To determine the mitochondrial proteins that were common among H. sapiens, M. musculus, and S. cerevisiae, we assessed the overlap in the mitochondrial proteomes we had calculated. Many of the proposed mitochondrial proteins of H. sapiens, M. musculus, and S. cerevisiae were orthologous using the relationships defined in HomoloGene (Fig. 9). Over 90% of the mitochondrial proteins from H. sapiens and M. musculus were orthologous, whereas about 50% of the proteins of S. cerevisiae were orthologous to proteins of H. sapiens and M. musculus. However, among the proteins that were considered to be non-orthologous between H. sapiens and M. musculus according to HomoloGene, there were examples of known orthologs. Therefore, more distant orthologies than defined by HomoloGene were identified by comparing all the proteins using BLASTP with an expect value cutoff of 10−35. Subsequently the number of proteins unique to S. cerevisiae fell to 562, whereas the number of orthologs present in all three species rose to 1393, and those in both H. sapiens and M. musculus rose to 3330 (close to 99% of the reported proteins). Of the remaining species-specific proteins in H. sapiens and M. musculus, several had an expect value slightly greater than that used for the BLASTP cutoff, and a couple had orthologs in RefSeq, but these sequences were missing from UniProt. The remaining singletons were all small proteins under 100 amino acids in length, and some were annotated as hypothetical.

Fig. 9.
The numbers of orthologous proteins among three mitochondrial proteomes. A protein was assigned as mitochondrial by either experimental evidence (mass spectrometry or GFP tagging) or annotation or by the mitochondrial localization of an ortholog. Main ...

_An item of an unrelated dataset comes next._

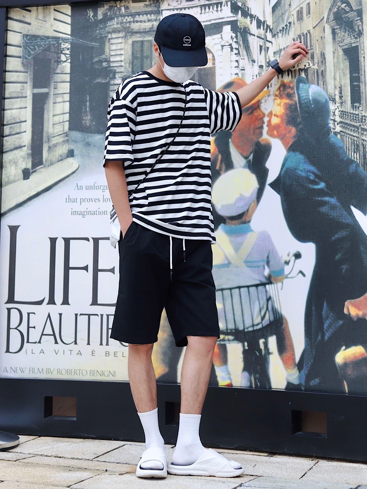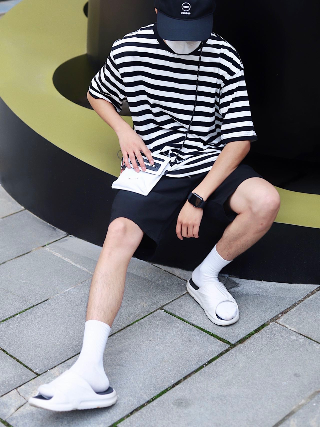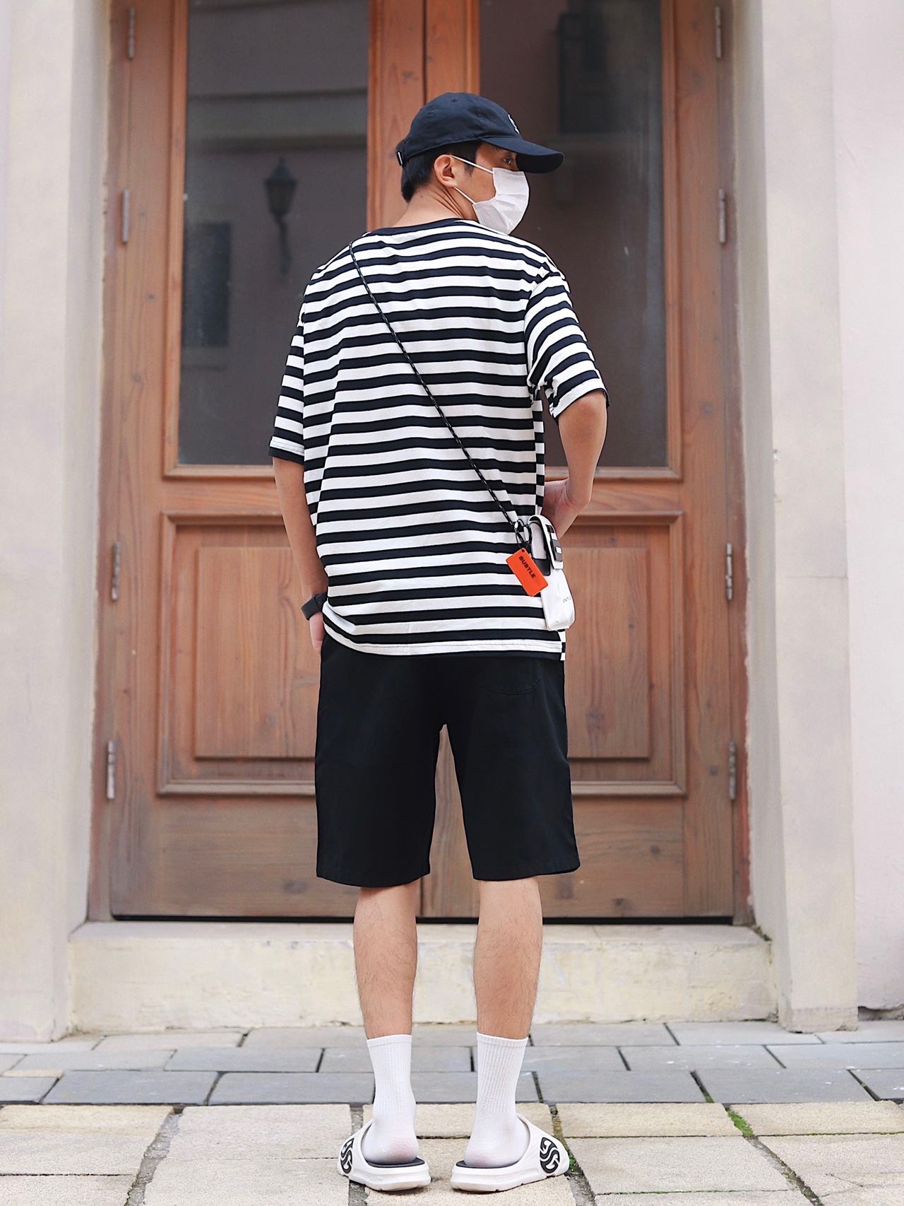 look:棒球帽➕条纹短袖➕黑色短裤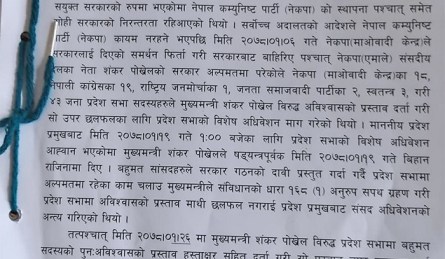 लुम्बिनी प्रदेशका मुख्यमन्त्री शंकर पोखरेल ३४ जना सांसदले प्रदेशसभामा अविश्वास प्रस्ताव दर्ता गरेका छन् ।

The DAVID Functional Annotation Clustering tool Web service was used to determine statistically significant (p < 0.001) biological process terms from the Gene Ontology among the set of proteins that were (i) common to all three species (using the proteins of S. cerevisiae to calculate the p values), (ii) specific to S. cerevisiae, and (iii) shared by H. sapiens and M. musculus (using the proteins of H. sapiens to calculate the p values) but not S. cerevisiae. There were many statistically significant but uninformative annotation terms among each set of proteins such as “biosynthetic process” (312 proteins; p < 10−26). However, among the set of proteins common to all three species, there were more specific Gene Ontology annotations reported by DAVID, including carboxylic acid metabolic process (136 proteins; p < 10−18), cofactor metabolic process (87 proteins; p < 10−15), tRNA aminoacylation (29 proteins; p < 10−12), mitochondrial transport (36 proteins; p < 10−10), amino acid metabolic process (80 proteins; p < 10−9), tricarboxylic acid cycle (18 proteins; p < 10−9), mitochondrial organization and biogenesis (60 proteins; p < 10−8), glycolysis (16 proteins; p < 10−4), lipid metabolic process (71 proteins; p < 10−3), and ubiquinone metabolic process (eight proteins; p < 10−3). Although the proteins specific to S. cerevisiae had many of the terms reported for the common group, there were also statistically significant Gene Ontology biological process terms that were absent from H. sapiens and M. musculus, including branched chain family amino acid biosynthetic process (nine proteins; p < 10−4) and fermentation (nine proteins; p < 10−3). Likewise for the proteins specific to H. sapiens and M. musculus, the term “apoptotic program” (30 proteins; p < 10−12) as well as the cellular component term “respiratory chain complex I” (38 proteins; p < 10−33) were significantly overrepresented and absent from S. cerevisiae.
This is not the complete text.